Перед отъездом в отпуск Володя зашел к Пиксановым попрощаться и засиделся на «родительской» кухне.
— Партию-другую?— предложил подполковник, расставляя шахматные фигуры.— Потренируйся перед отпуском. Тебе, как гостю, белые. Ходи!
Средний сын Пиксановых, одиннадцатилетний Васька, шмыгая носом, несколько раз ловко обставил отца, за что был услан раньше времени спать, и подполковник жаждал отыграться.
— Играть не с кем будет,— сказал Володя, делая ход.— Отец шашки любит. Все удивляется; в календарях дамки двойными шашками нарисованы, а в жизни поставишь одну на одну — падают. Лучше перевернуть. Зачем их тогда двухэтажными рисовать, спрашивается?
Володя переставлял фигуры, мало задумываясь над игрой, подполковник хмурил лоб и мурлыкал что-то неразборчивое, а Маргарита Алексеевна, сидя поодаль, листала какие-то книжечки.
— Оставьте ваши шахматы, — громким шепотом сказала она.— Какую книжку я достала!

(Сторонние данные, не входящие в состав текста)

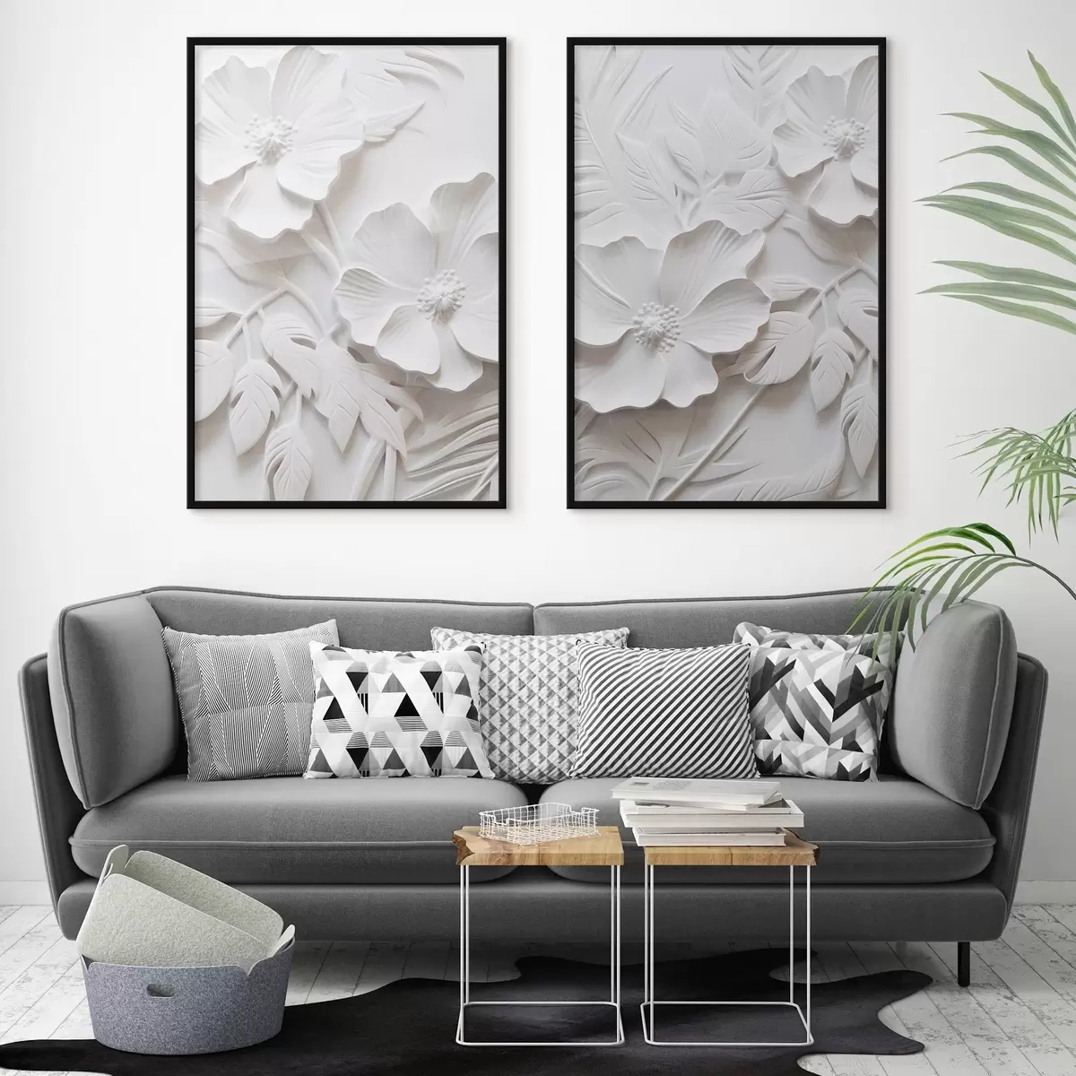 Plakatas Dekoratyvios minimalistinės baltos gėlės su lapais, reljefo imitacija, baltas fonas Ne d00524
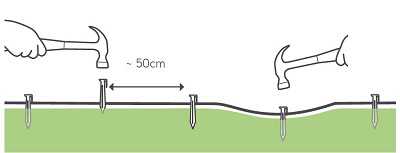 De draadpennen kunnen met een hamer in de grond getikt worden, op ongeveer 50 cm tussenafstand. Zorg dat de draad overal vlak tegen de aarde ligt.
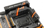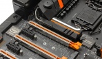 Vi bliver præsenteret for ekstra store og ekstra fede heatsinks, hvoraf VRM heatsinken endda giver os mulighed for hybridkøling. Vi har nemlig to gevind, som passer fint med G1/4" fittings, så vi kan køre med vandkøling herpå. Strømstyringen gemmer på intet mindre end 22 faser, hvilket er noget mere, end vi er vant til at se.
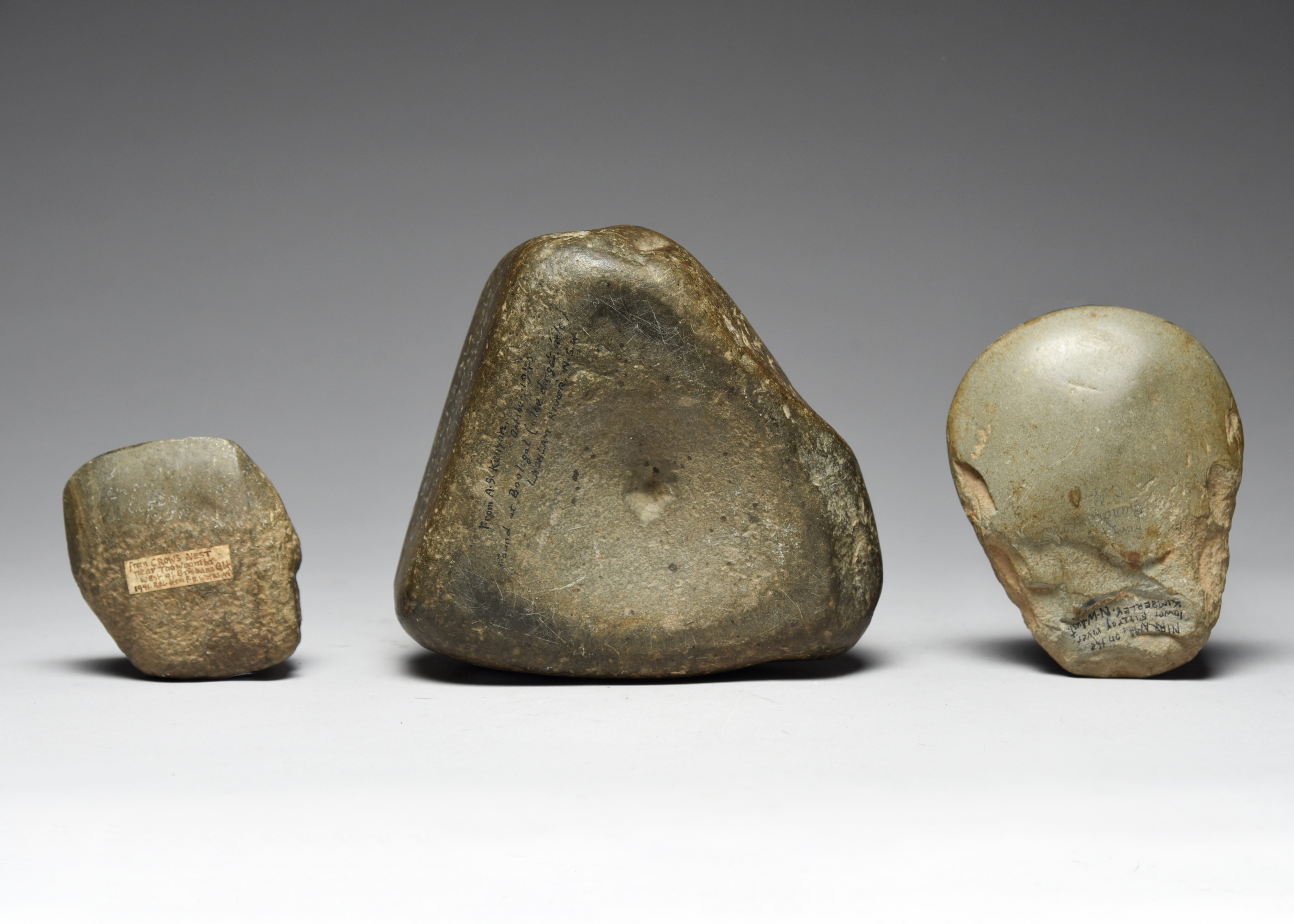 an Aboriginal stone axe head, with an inscribed label from CROW'S NEST near TOOWOOMBA West of Brisbane Qld 1941. Rec. from P.E.Worms 1943, 8cm long, and an Aboriginal stone axe head, inscribed NIRRAMA, on the lower Fitzroy river, KIMBERLEY, N.W.Aust., 12.2cm long. (3)
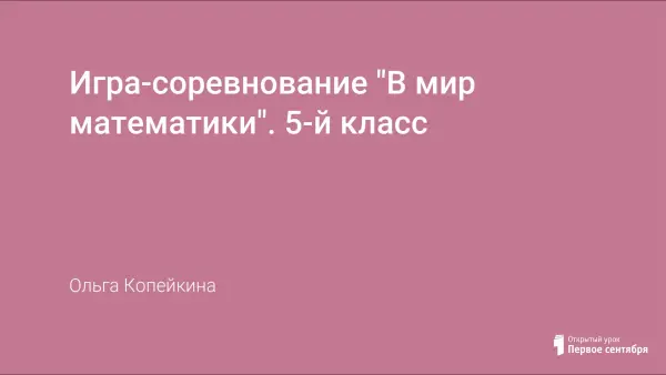 Сценарий игры-соревнования «В мире математики», рассчитанный на учащихся 5–6-х классов. Игра не требует глубоких знаний из области математики и большой подготовки, способствует развитию интереса к предмету и может проводиться в рамках предметной недели.
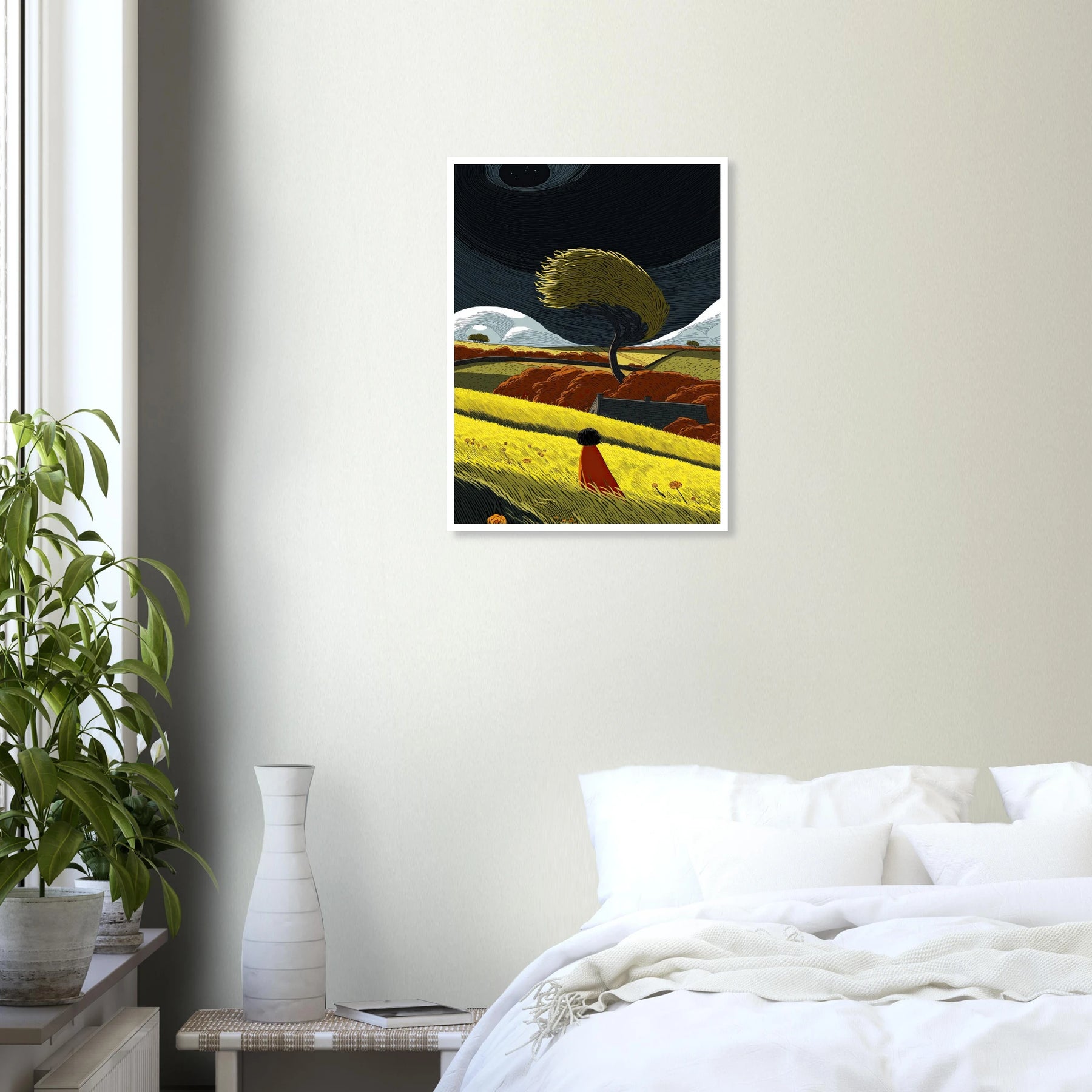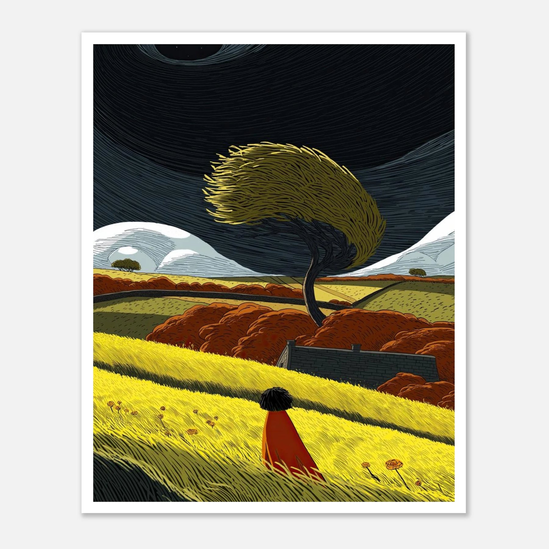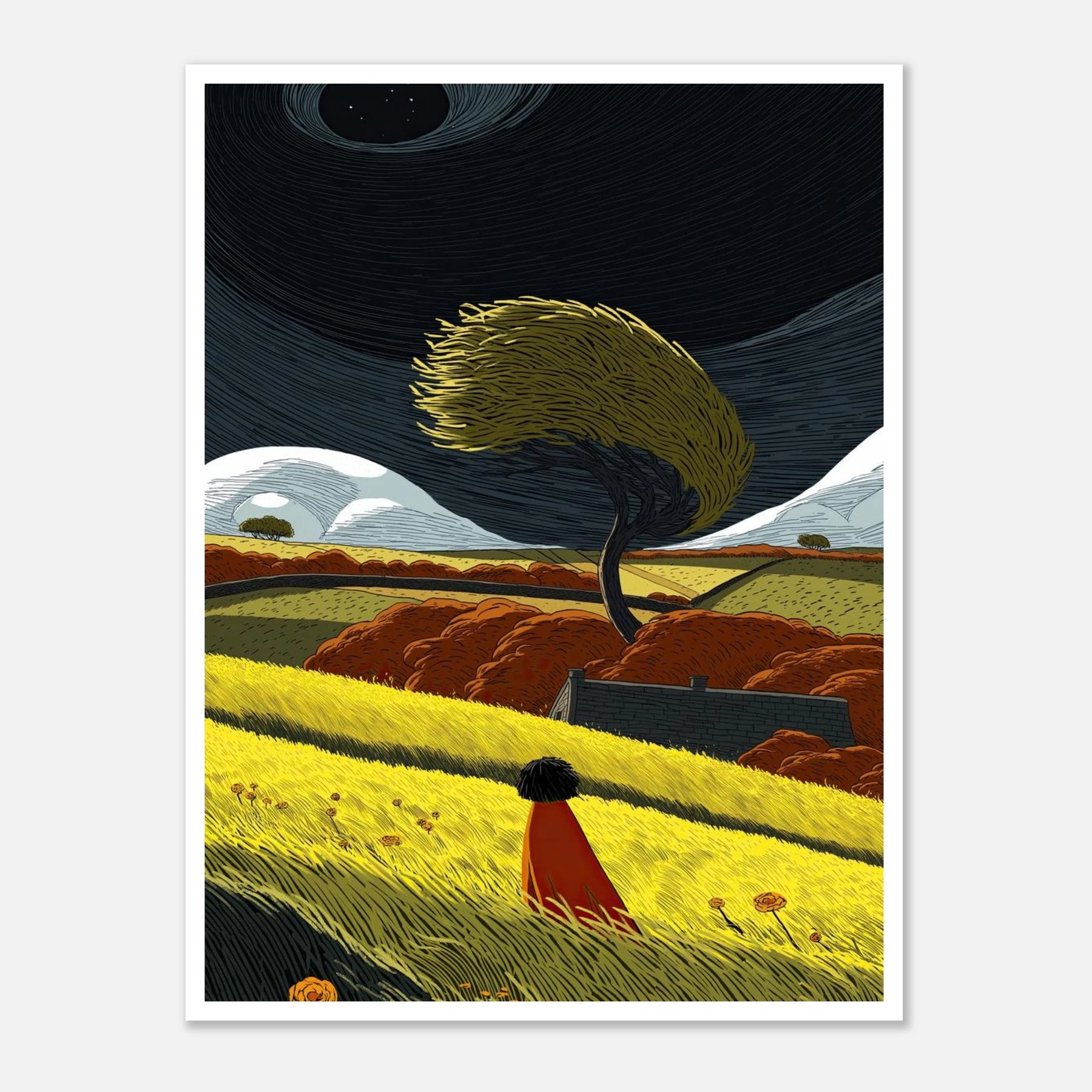 Life brings changes, just like the wind bends the trees. This poster shows a bright, bold landscape where a single person watches a tree leaning into the breeze under a starry, swirling sky. It is all about strength, rolling with the changes, and finding beauty in the wild moments. Bring this art into your home to remind yourself that you are strong enough to weather any storm.
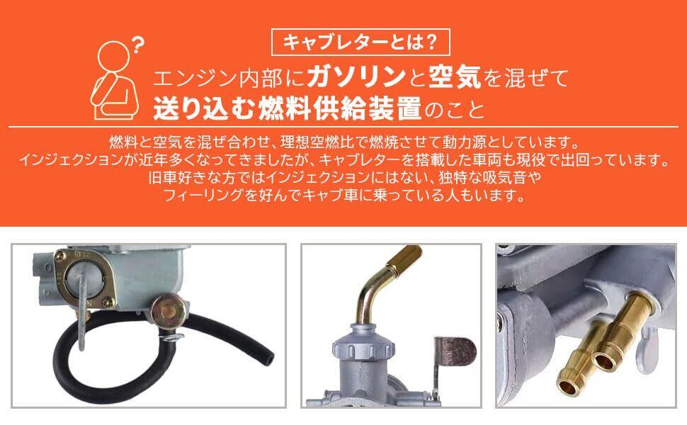ホンダ 旧 ダックス ST50 ST70 CT70 6V キャブレターの社外品です。 適合車種:ホンダ 旧 ダックス ST70 CT70 ST50 K1 K2 K3 K4 72cc 6V 等 キャブレターとはエンジン内部にガソリンと空気を混ぜて送り込む燃料供給装置の事を言います。燃料と空気を混ぜ合わせ、理想空燃比で燃焼させて動力源としています。インジェクションが近年多くなってきましたが、キャブレターを搭載した車両も現役で出回っています。旧車好きな方ではインジェクションにはない、独特な吸気音やフィーリングを好んでキャブ車に乗っている人もいます。 バイク好きな方はDIYで整備したり、季節ごとに調整する事を楽しむ事もありインジェクションよりもキャブレターを好まれる方も多いです。長期間不動車として放置されたり、走行距離が伸びていたりするとガソリンの不純物(ゴミ、埃、錆び等)が付着してジェットが詰まって理想空燃比が保てずエンジン不調を起こす場合があります。 セッティングしても調子が悪い、加速がスムーズでなくもたつきがあるという現象はキャブの不調が考えられます。オーバーホールでは時間と労力がかかりますので、純正互換品のリーズナブルな社外品に丸ごとアッセンブリー交換してしまったほうが結果的に安く済む場合があります。 愛車を新車時の滑らかなフィーリングで乗りたい方、動かなくなった愛車を再び蘇らせたい方の整備にお役立て下さい。パーツが手に入る内にガレージにストックしておけば、いざという時整備することができますので安心です。※取り付けの際、加工が必要となる場合があります。

Потрясающая! Тираж, правда, маловат: один экземпляр на весь коллектор. Еле выпросила. Нет, вы только послушайте!
И, взмахивая, как дирижер, руками, она прочла:
Папа молод. И мать молода.
Конь горяч. И пролетка крылата…
Книжечка была тоненькая, и, заглянув снизу, Володя прочел название — «Дни». Фамилия автора была незнакомая.
Дочитав стихотворение, Пиксанова обвела мужчин сияющими от восторга глазами.
— Прекрасный поэт, правда? — спросила она.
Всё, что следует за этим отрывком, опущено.